Google's Gmail service suffered its second outage this month Thursday. The problem was unrelated to Tuesday's two-hour outage at Google News, the company said.
A problem with Google Contacts on Thursday caused many Gmail users to experience slow responsiveness and degraded service for about an hour, Google explained in an e-mail.
"Mail was back to full speed for everyone around 8 a.m. Pacific, and the issue affecting contacts was resolved shortly after," a Google spokesperson said. "We're sorry for the inconvenience. As usual, we'll provide an incident report on the Apps Status Dashboard, where we also gave ongoing status updates as this issue progressed."
Great Public Scrutiny
What makes these Gmail issues notable is not just that they occur, but that they occur under great public scrutiny -- and that's related to cloud computing, noted Google spokesperson Andrew Kovacs.
"Glitches in the cloud don't happen behind closed doors -- you hear about them, whether they're affecting 10 users or 10,000," Kovacs said. "In contrast, when on-premises servers go down -- which they do every day, and more often than the cloud -- the world doesn't know about it."
Google's visibility certainly makes a big difference, noted Gartner Vice President and Distinguished Analyst John Pescatore. However, any service that starts out targeting consumers and later tries to encompass business customers can expect to run into such problems, he said.
"When they start out as consumer services, delivering a quick response may be more important than availability," Pescatore said. "Google has a world-class infrastructure, but clearly has more to do" when it comes to supporting the needs of big businesses.
Google said late last year that its Gmail service had been available more than 99.9 percent of the time -- for everyone, both consumers and business users -- during the previous 12 months.

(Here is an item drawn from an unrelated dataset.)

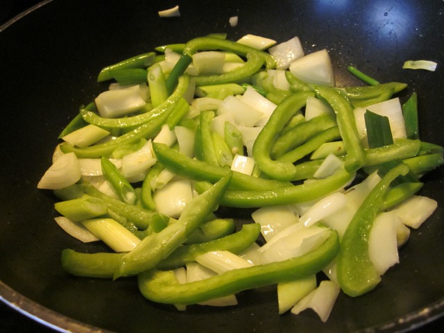 3. Heat cooking oil in a large wok or skillet, add bell pepper, onions and green onions and cook on hight heat for 2 minutes. Remove from pan and set aside.

And despite Thursday's service interruption, Kovacs said this figure is still generally accurate.
Not Good Enough
Pescatore said 99.9 percent availability may be fine for universities and some cities, and even equal to what they had when they ran their own systems internally. "But when you look at big enterprises -- the Fortune 500 types -- this is probably not good enough," Pescatore said.
Google attributed its Gmail outage on Sept. 1 to the inadvertent overloading of the company's request routers -- servers which direct web queries to the appropriate Gmail server for response.
"We've turned our full attention to helping ensure this kind of event doesn't happen again," said Google Vice President Ben Treynor, who is also Gmail's site reliability czar. "Some of the actions are straightforward and are already done -- for example, increasing request router capacity well beyond peak demands to provide headroom."
However, outages can be caused by a number of other factors, Pescatore observed. "Sometimes it's the way that software updates are done"; in other cases "it will come from denial-of-service attacks," Pescatore said.
Gartner tells businesses that they need to know what their own service-level agreement (SLA) is internally, "so when they start looking to move to an external provider, they'll know exactly what they need," Pescatore said.
If Google wants to meet their SLA requirements, it will have to "look at how much investment it needs to make and then see if the additional revenue it expects to generate from large enterprises justifies the expense," he said.